# DAM Allround Special  2,10 m  Aktion 2,5  WG 2-15 g



## Allround-Angler (21. Mai 2022)

Hallo zusammen,

die Rute hat leichte Riefen am Spitzenring, auch ist der Steg des Spitzenrings leicht verbogen.
Sie hat eine Zapfenverbindung und große Kursivringe, die mich an die modernen Fuji-K-Ringe erinnern ;-).
Wirft leichte Gewichte erstaunlich gut.
Die Rute ist sehr weich sowohl was Biegekurve als auch WG angeht.
Hat natürlich auch schon ein paar Jahre auf dem Buckel ;-).

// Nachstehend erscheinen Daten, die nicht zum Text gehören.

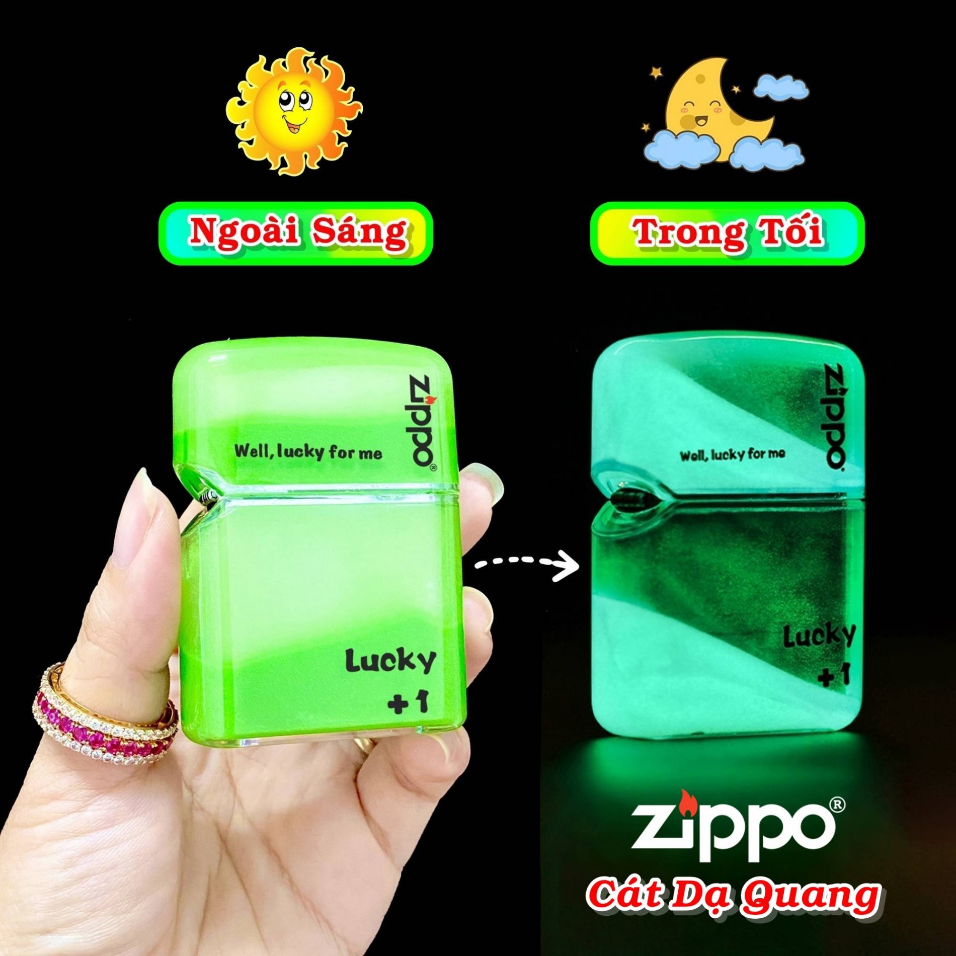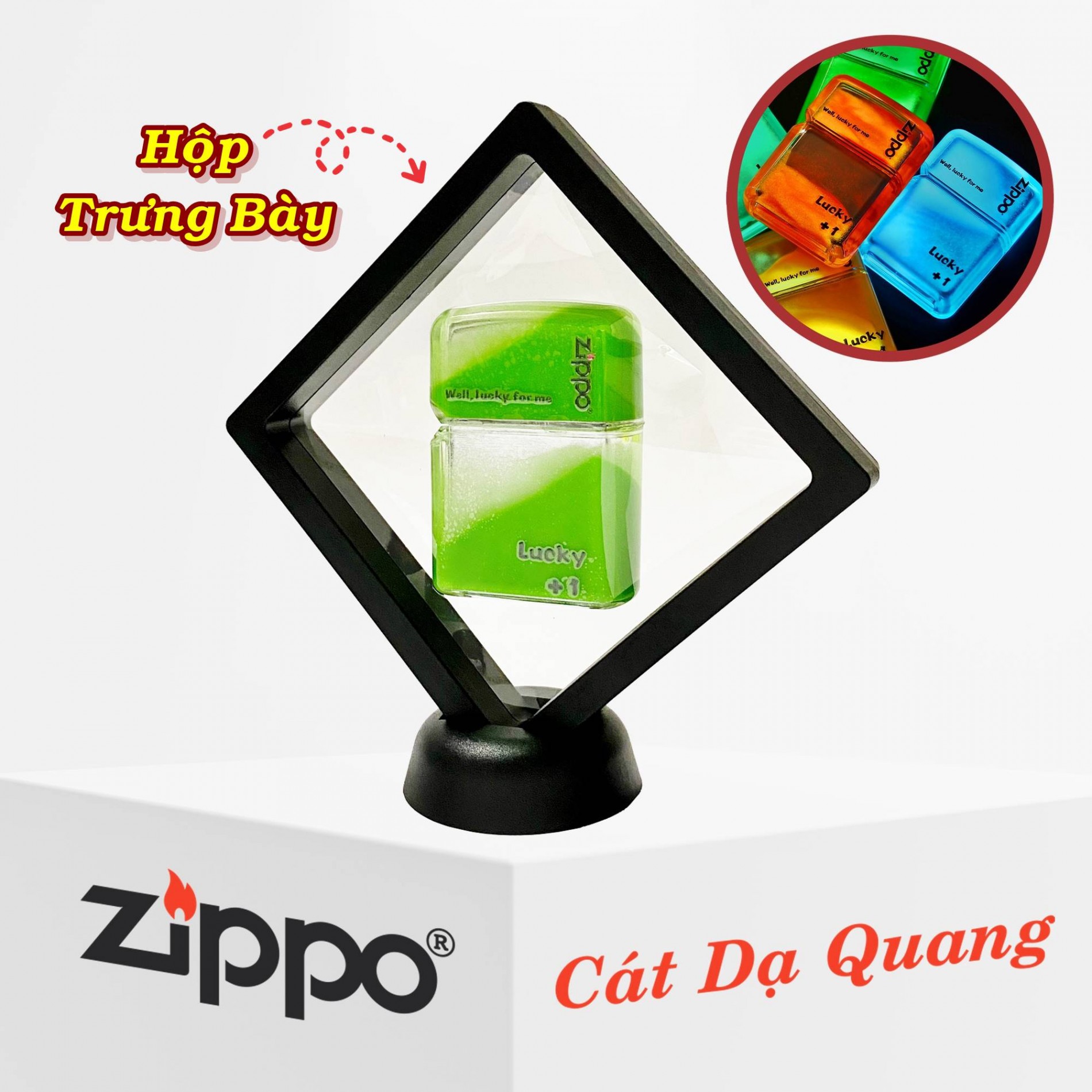 Bật lửa Zippo cát dạ quang màu xanh kèm hộp trưng bày xài xăng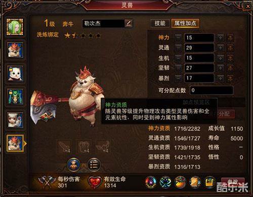 灵兽洗炼:消耗洗炼道具,可改变成长值、当前资质和资质上限的数值。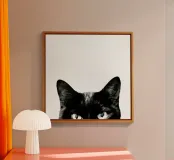 This captivating black-and-white photography print features a detailed close-up of a cat. Perfect for cat lovers, this minimalist kitty portrait adds a sophisticated touch to any home or office decor. Ideal as a gift for pet enthusiasts or as a stylish addition to your art collection.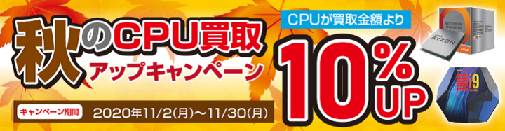 ドスパラ、CPUの買取額が10%アップするキャンペーン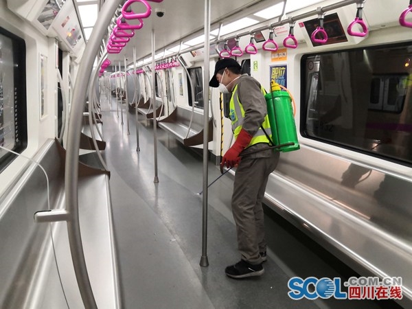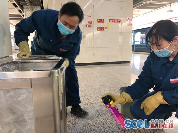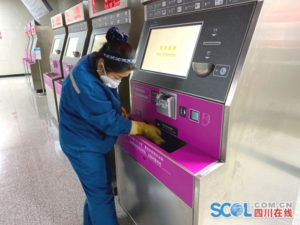 成都地铁在车站原有清洁消毒基础上,增加站内消毒频次,确保地铁站内电扶梯扶手、自动售票机、座椅、闸机等区域及设备设施的清扫与消毒每日不少于4次,此外针对客流较大的重点车站,每2小时进行一次清扫与消毒,并确保安检机每日清扫消毒不少于5次。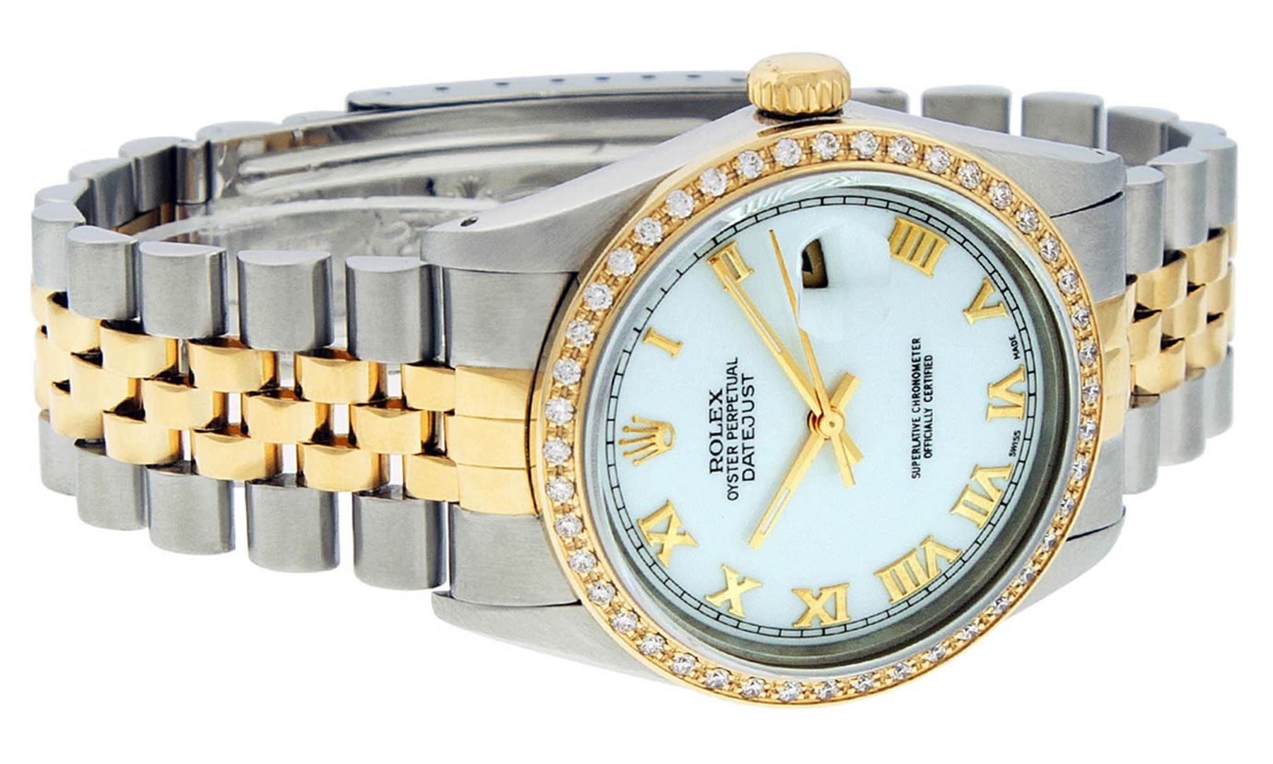 One Mens 14K Yellow Gold Two Tone Rolex Datejust Polished, Serviced & Electronically Tested, 14K Yellow Gold & Stainless Steel Case: 36mm, 14K Yellow Gold Crown, Custom Bezel: 18K Yellow Gold Beadset Diamond Bezel, Diamond Count: 44 Diamonds, Total Weight 1.00 Carat, Clarity: SI-VS, Color: G to H. Custom Crystal: New Synthetic Sapphire Cyclops Lens. Custom Hands: New Luminecent Hands. Movement: Automatic Winding Movement Caliber 3035. Custom Dial: Mother Of Pearl Roman Dial. Date Window: 3 O'Clock Position Date Display, Quickset, Model: 16013 Condition: G-6 Extra Fine. Bracelet: Two Tone 14K Yellow Gold & Stainless Steel Jubilee. Bright Polish. 7.0 Inch Length, Adjustable. Standard Clasp, With Rolex Logo. This Watch Has Been Serviced Time Tested And Is In Excellent Condition It Is Free Of All Scratches And Dents.
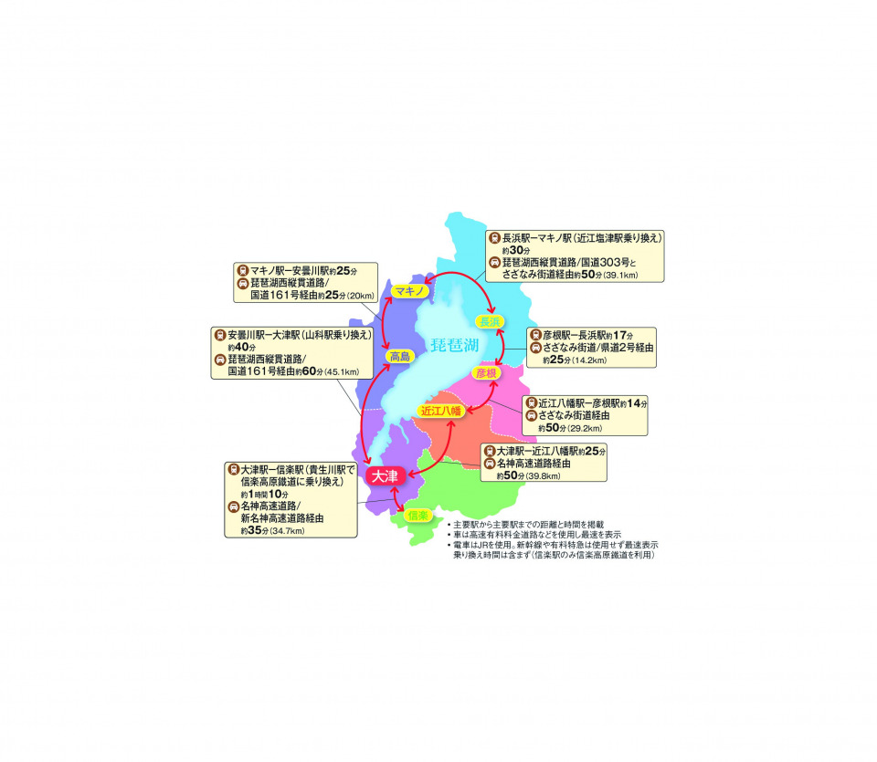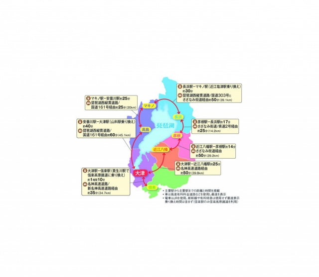 続いて、滋賀県の主要観光エリアへのアクセスと、各エリア間の移動にかかる所要時間をご紹介します。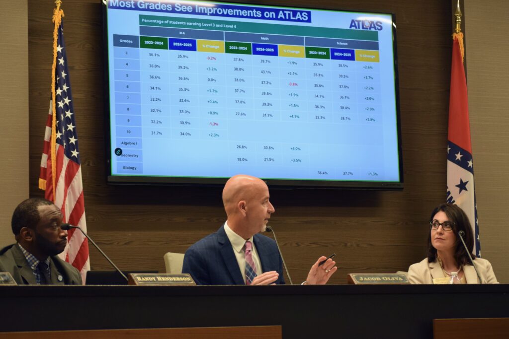 Министр образования Арканзаса Джейкоб Олива (в центре) обсуждает оценки на заседании государственного совета по образованию 10 июля 2025 года, когда слушают члены Рэнди Хендерсон и Адриен Вудс.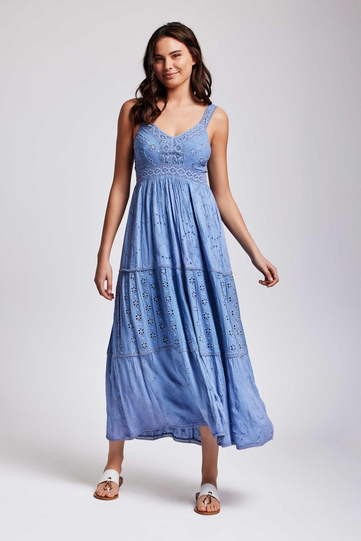 Immerse yourself in elegance with our Lia lace maxi dress. Fine lace and Sangallo lace come together in a maxi dress with fitted top and waist , lace armholes and neckline. The ruffled skirt adds a touch of grace to your look.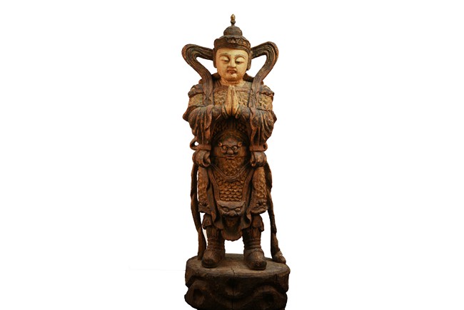Qing Dynasty period. Shown standing upon a wooden base, wearing heavy armour, hands clasped in one, with ribbon across shoulder, the face with serene expression.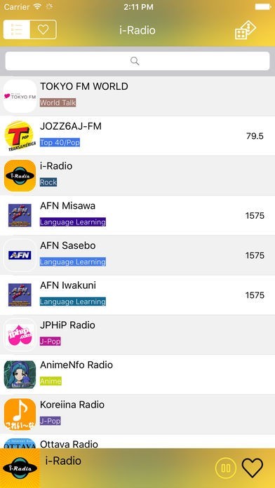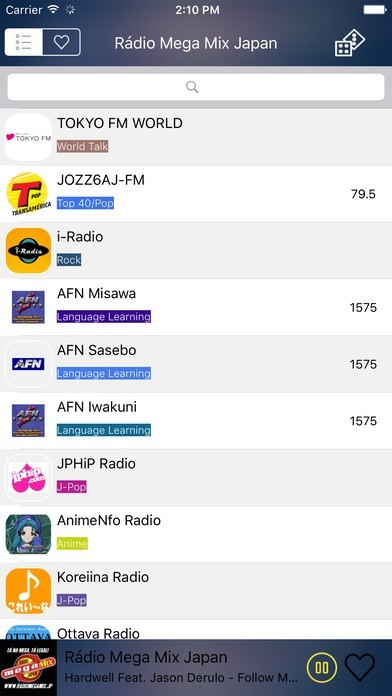 App Storeより引用日本国内の 190 以上のラジオ局の放送を楽しもう!:湘南ビーチFM, ウメダFM Be Happy!789 (FMキタ), J-Jams, Japan-a-Radio, Ghost Anime Radio, Ottava, Radio Chopin, FM軽井沢, BAN-BANラジオ, AnimeNfo, Vocaloid Radio, FM西東京 84.2, 京都三条ラジオカフェ, レディオ湘南FM, あづみ野エフエム, CREATIVE FREEDOM radio, Soulful Web Station etc.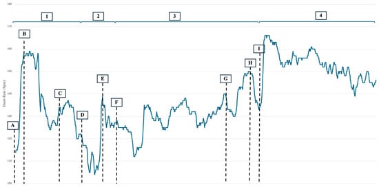 FC registration data from the beginning of the second bullfight until the bullfighter left the bullring after the second bullfight had ended. Legend: 1 = stage 1; 2 = stage 2; 3 = stage 3; 4 = post-bullfight; A = the bullfighter walks towards the “puerta de toriles”; B = the bullfighter waits for the bull to come out into the bullring; C = the bullfighter fights the bull; D = end of the first part and beginning of the second part; E = first flag; F = second flag; G = pre-fight with the muleta; H = fight with the muleta; and I = bullfighter takes the sword and final stage.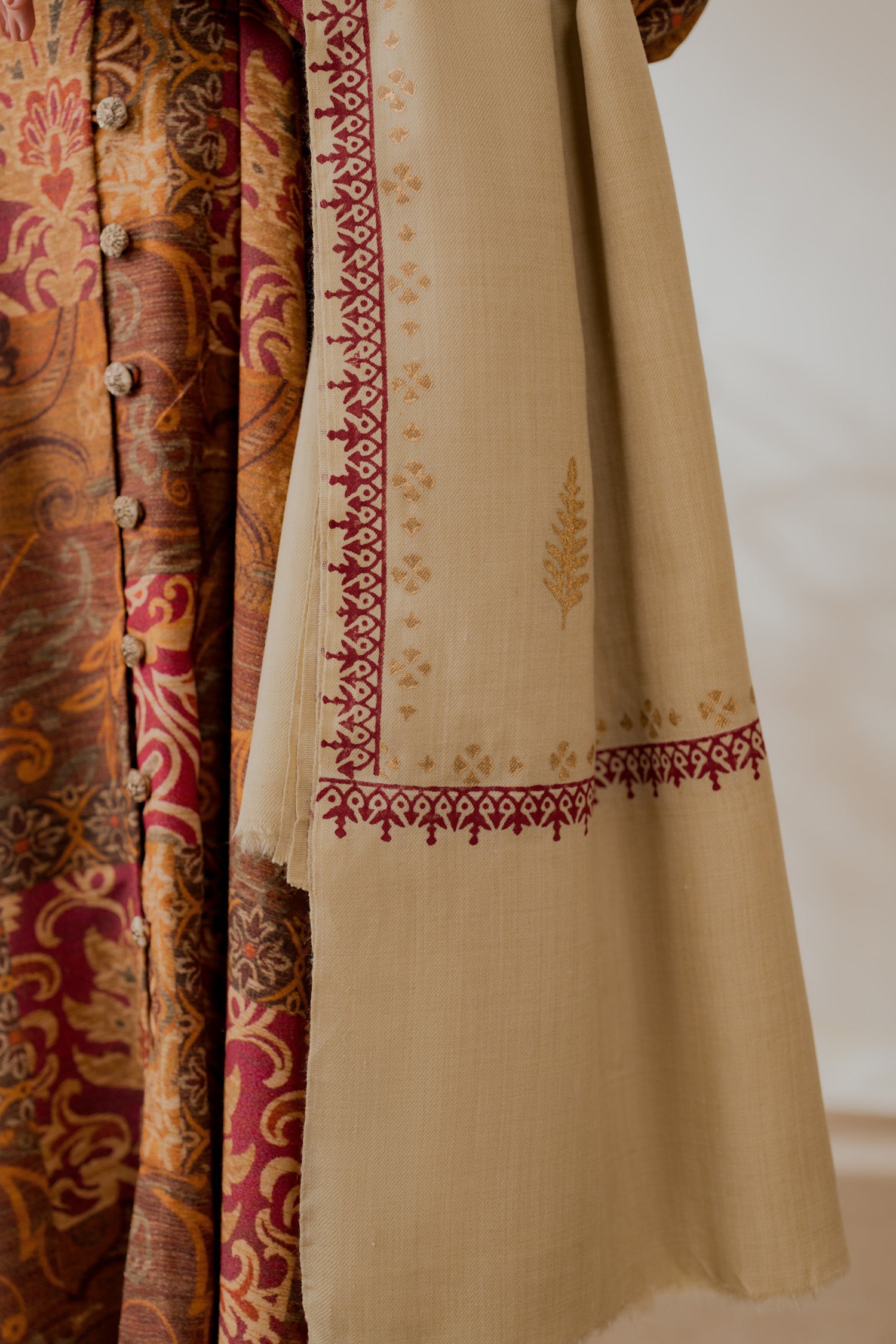 Acrylic Pashmina hand block-printed shawl in beige with delicate border detailing.

Bin unschlüssig, ob ich die Rute neu beringen soll, Originalzustand wäre mir lieber.

Oder vielleicht hätte jemand von Euch einen Vorschlag oder selber Interesse?

Gruß und Petri Heil,
Ingo


----------



## dawurzelsepp (22. Mai 2022)

Erstmal Glückwunsch zu dieser tollen alten DAM Rute.

Was den Spitzenring angeht so könntest du diesen mit erwas vorsicht wider zurechtbiegen und die Riefen, wenn nicht zu tief, ausschleifen +  Pollieren.
Alle anderen Ringe würde ich mit Politurwatte (z.B. NeverDull aus dem Motorradzubehör) schön reinigen und Polieren.
Originale Ersatzteile sind nicht immer leicht zu bekommen von demher macht ein Rettungsversuch immer Sinn.


----------



## Allround-Angler (22. Mai 2022)

Danke, aber ob meine handwerklichen Fähigkeiten dafür ausreichen...
Andererseits möchte ich auch nicht zuviel Aufwand betreiben.


----------